Saved data entries:
Start of Block

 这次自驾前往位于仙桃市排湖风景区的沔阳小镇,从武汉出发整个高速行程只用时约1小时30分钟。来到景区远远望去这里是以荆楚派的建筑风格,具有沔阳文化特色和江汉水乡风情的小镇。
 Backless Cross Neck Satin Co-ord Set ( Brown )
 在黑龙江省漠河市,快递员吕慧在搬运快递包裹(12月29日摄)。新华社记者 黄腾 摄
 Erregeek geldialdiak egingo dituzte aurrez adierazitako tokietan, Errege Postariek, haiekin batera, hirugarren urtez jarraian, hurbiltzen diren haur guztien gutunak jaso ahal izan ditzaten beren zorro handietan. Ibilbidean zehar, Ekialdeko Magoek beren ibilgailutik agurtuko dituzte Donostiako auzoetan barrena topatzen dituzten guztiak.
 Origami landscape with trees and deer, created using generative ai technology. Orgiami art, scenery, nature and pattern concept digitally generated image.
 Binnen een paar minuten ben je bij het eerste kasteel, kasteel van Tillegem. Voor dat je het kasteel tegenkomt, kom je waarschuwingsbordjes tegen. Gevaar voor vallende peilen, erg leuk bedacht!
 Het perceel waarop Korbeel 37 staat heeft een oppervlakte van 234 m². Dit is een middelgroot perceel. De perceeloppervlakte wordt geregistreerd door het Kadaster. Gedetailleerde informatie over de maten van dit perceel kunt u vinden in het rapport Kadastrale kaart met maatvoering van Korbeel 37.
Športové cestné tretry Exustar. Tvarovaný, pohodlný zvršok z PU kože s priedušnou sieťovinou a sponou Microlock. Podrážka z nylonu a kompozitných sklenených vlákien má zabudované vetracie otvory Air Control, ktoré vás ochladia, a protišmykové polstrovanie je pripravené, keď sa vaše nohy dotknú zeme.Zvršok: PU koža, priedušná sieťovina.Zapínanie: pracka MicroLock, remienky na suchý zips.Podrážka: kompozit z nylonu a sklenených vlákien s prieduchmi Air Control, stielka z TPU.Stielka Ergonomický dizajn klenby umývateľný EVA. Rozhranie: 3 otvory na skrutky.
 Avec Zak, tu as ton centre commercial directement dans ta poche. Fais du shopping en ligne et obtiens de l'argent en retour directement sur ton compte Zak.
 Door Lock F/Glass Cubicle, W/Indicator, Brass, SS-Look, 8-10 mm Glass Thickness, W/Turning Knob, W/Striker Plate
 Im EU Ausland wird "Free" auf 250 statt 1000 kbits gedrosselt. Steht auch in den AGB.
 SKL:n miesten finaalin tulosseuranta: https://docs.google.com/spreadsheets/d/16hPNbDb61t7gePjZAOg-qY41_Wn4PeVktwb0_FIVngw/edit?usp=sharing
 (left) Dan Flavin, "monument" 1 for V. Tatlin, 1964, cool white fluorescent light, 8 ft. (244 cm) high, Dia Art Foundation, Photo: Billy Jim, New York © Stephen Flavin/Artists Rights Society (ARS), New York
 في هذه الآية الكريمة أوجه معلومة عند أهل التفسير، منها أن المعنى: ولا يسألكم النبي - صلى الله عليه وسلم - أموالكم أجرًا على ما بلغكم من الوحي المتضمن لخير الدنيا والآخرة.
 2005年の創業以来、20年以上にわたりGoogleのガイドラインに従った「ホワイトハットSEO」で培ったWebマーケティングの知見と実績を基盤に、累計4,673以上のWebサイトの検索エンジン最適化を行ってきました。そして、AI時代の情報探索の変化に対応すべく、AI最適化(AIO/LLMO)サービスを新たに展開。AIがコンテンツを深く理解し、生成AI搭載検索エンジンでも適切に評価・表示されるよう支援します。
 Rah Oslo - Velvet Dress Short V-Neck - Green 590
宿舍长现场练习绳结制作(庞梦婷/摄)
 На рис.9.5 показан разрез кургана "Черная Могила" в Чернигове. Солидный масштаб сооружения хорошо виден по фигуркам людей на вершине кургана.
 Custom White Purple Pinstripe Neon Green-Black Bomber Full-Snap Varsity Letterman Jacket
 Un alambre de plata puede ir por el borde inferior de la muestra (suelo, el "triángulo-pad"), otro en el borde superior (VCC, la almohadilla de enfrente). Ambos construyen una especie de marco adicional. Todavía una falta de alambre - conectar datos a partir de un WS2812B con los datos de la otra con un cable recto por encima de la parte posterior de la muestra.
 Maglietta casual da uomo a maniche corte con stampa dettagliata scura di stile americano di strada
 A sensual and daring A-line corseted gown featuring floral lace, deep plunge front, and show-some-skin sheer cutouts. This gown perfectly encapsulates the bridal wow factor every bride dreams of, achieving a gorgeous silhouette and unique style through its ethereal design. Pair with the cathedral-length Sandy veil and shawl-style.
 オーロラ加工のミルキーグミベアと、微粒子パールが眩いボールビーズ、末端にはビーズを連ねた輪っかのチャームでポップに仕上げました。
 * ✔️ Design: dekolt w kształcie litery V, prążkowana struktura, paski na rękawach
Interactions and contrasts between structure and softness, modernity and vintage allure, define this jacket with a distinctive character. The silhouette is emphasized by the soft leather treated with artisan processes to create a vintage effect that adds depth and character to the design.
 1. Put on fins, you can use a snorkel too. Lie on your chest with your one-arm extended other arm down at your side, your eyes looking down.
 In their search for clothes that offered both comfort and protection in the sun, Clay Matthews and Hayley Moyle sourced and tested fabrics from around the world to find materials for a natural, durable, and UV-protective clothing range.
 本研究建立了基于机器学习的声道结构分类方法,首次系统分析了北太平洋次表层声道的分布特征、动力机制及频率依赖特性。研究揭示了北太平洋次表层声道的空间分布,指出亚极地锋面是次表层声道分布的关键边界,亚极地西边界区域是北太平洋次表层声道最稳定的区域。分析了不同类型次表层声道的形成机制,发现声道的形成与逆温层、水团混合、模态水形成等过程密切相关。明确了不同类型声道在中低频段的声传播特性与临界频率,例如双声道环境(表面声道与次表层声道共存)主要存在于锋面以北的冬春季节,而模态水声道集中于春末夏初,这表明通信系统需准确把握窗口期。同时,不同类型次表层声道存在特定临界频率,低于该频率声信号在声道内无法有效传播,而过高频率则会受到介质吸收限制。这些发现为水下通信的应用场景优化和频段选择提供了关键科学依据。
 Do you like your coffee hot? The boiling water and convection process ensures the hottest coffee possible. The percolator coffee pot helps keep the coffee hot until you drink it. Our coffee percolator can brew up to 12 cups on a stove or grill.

End of Block

**Problem to solve:** Your answer should be every entry above, repeated exactly.

**Result:**
 这次自驾前往位于仙桃市排湖风景区的沔阳小镇,从武汉出发整个高速行程只用时约1小时30分钟。来到景区远远望去这里是以荆楚派的建筑风格,具有沔阳文化特色和江汉水乡风情的小镇。
 Backless Cross Neck Satin Co-ord Set ( Brown )
 在黑龙江省漠河市,快递员吕慧在搬运快递包裹(12月29日摄)。新华社记者 黄腾 摄
 Erregeek geldialdiak egingo dituzte aurrez adierazitako tokietan, Errege Postariek, haiekin batera, hirugarren urtez jarraian, hurbiltzen diren haur guztien gutunak jaso ahal izan ditzaten beren zorro handietan. Ibilbidean zehar, Ekialdeko Magoek beren ibilgailutik agurtuko dituzte Donostiako auzoetan barrena topatzen dituzten guztiak.
 Origami landscape with trees and deer, created using generative ai technology. Orgiami art, scenery, nature and pattern concept digitally generated image.
 Binnen een paar minuten ben je bij het eerste kasteel, kasteel van Tillegem. Voor dat je het kasteel tegenkomt, kom je waarschuwingsbordjes tegen. Gevaar voor vallende peilen, erg leuk bedacht!
 Het perceel waarop Korbeel 37 staat heeft een oppervlakte van 234 m². Dit is een middelgroot perceel. De perceeloppervlakte wordt geregistreerd door het Kadaster. Gedetailleerde informatie over de maten van dit perceel kunt u vinden in het rapport Kadastrale kaart met maatvoering van Korbeel 37.
Športové cestné tretry Exustar. Tvarovaný, pohodlný zvršok z PU kože s priedušnou sieťovinou a sponou Microlock. Podrážka z nylonu a kompozitných sklenených vlákien má zabudované vetracie otvory Air Control, ktoré vás ochladia, a protišmykové polstrovanie je pripravené, keď sa vaše nohy dotknú zeme.Zvršok: PU koža, priedušná sieťovina.Zapínanie: pracka MicroLock, remienky na suchý zips.Podrážka: kompozit z nylonu a sklenených vlákien s prieduchmi Air Control, stielka z TPU.Stielka Ergonomický dizajn klenby umývateľný EVA. Rozhranie: 3 otvory na skrutky.
 Avec Zak, tu as ton centre commercial directement dans ta poche. Fais du shopping en ligne et obtiens de l'argent en retour directement sur ton compte Zak.
 Door Lock F/Glass Cubicle, W/Indicator, Brass, SS-Look, 8-10 mm Glass Thickness, W/Turning Knob, W/Striker Plate
 Im EU Ausland wird "Free" auf 250 statt 1000 kbits gedrosselt. Steht auch in den AGB.
 SKL:n miesten finaalin tulosseuranta: https://docs.google.com/spreadsheets/d/16hPNbDb61t7gePjZAOg-qY41_Wn4PeVktwb0_FIVngw/edit?usp=sharing
 (left) Dan Flavin, "monument" 1 for V. Tatlin, 1964, cool white fluorescent light, 8 ft. (244 cm) high, Dia Art Foundation, Photo: Billy Jim, New York © Stephen Flavin/Artists Rights Society (ARS), New York
 في هذه الآية الكريمة أوجه معلومة عند أهل التفسير، منها أن المعنى: ولا يسألكم النبي - صلى الله عليه وسلم - أموالكم أجرًا على ما بلغكم من الوحي المتضمن لخير الدنيا والآخرة.
 2005年の創業以来、20年以上にわたりGoogleのガイドラインに従った「ホワイトハットSEO」で培ったWebマーケティングの知見と実績を基盤に、累計4,673以上のWebサイトの検索エンジン最適化を行ってきました。そして、AI時代の情報探索の変化に対応すべく、AI最適化(AIO/LLMO)サービスを新たに展開。AIがコンテンツを深く理解し、生成AI搭載検索エンジンでも適切に評価・表示されるよう支援します。
 Rah Oslo - Velvet Dress Short V-Neck - Green 590
宿舍长现场练习绳结制作(庞梦婷/摄)
 На рис.9.5 показан разрез кургана "Черная Могила" в Чернигове. Солидный масштаб сооружения хорошо виден по фигуркам людей на вершине кургана.
 Custom White Purple Pinstripe Neon Green-Black Bomber Full-Snap Varsity Letterman Jacket
 Un alambre de plata puede ir por el borde inferior de la muestra (suelo, el "triángulo-pad"), otro en el borde superior (VCC, la almohadilla de enfrente). Ambos construyen una especie de marco adicional. Todavía una falta de alambre - conectar datos a partir de un WS2812B con los datos de la otra con un cable recto por encima de la parte posterior de la muestra.
 Maglietta casual da uomo a maniche corte con stampa dettagliata scura di stile americano di strada
 A sensual and daring A-line corseted gown featuring floral lace, deep plunge front, and show-some-skin sheer cutouts. This gown perfectly encapsulates the bridal wow factor every bride dreams of, achieving a gorgeous silhouette and unique style through its ethereal design. Pair with the cathedral-length Sandy veil and shawl-style.
 オーロラ加工のミルキーグミベアと、微粒子パールが眩いボールビーズ、末端にはビーズを連ねた輪っかのチャームでポップに仕上げました。
 * ✔️ Design: dekolt w kształcie litery V, prążkowana struktura, paski na rękawach
Interactions and contrasts between structure and softness, modernity and vintage allure, define this jacket with a distinctive character. The silhouette is emphasized by the soft leather treated with artisan processes to create a vintage effect that adds depth and character to the design.
 1. Put on fins, you can use a snorkel too. Lie on your chest with your one-arm extended other arm down at your side, your eyes looking down.
 In their search for clothes that offered both comfort and protection in the sun, Clay Matthews and Hayley Moyle sourced and tested fabrics from around the world to find materials for a natural, durable, and UV-protective clothing range.
 本研究建立了基于机器学习的声道结构分类方法,首次系统分析了北太平洋次表层声道的分布特征、动力机制及频率依赖特性。研究揭示了北太平洋次表层声道的空间分布,指出亚极地锋面是次表层声道分布的关键边界,亚极地西边界区域是北太平洋次表层声道最稳定的区域。分析了不同类型次表层声道的形成机制,发现声道的形成与逆温层、水团混合、模态水形成等过程密切相关。明确了不同类型声道在中低频段的声传播特性与临界频率,例如双声道环境(表面声道与次表层声道共存)主要存在于锋面以北的冬春季节,而模态水声道集中于春末夏初,这表明通信系统需准确把握窗口期。同时,不同类型次表层声道存在特定临界频率,低于该频率声信号在声道内无法有效传播,而过高频率则会受到介质吸收限制。这些发现为水下通信的应用场景优化和频段选择提供了关键科学依据。
 Do you like your coffee hot? The boiling water and convection process ensures the hottest coffee possible. The percolator coffee pot helps keep the coffee hot until you drink it. Our coffee percolator can brew up to 12 cups on a stove or grill.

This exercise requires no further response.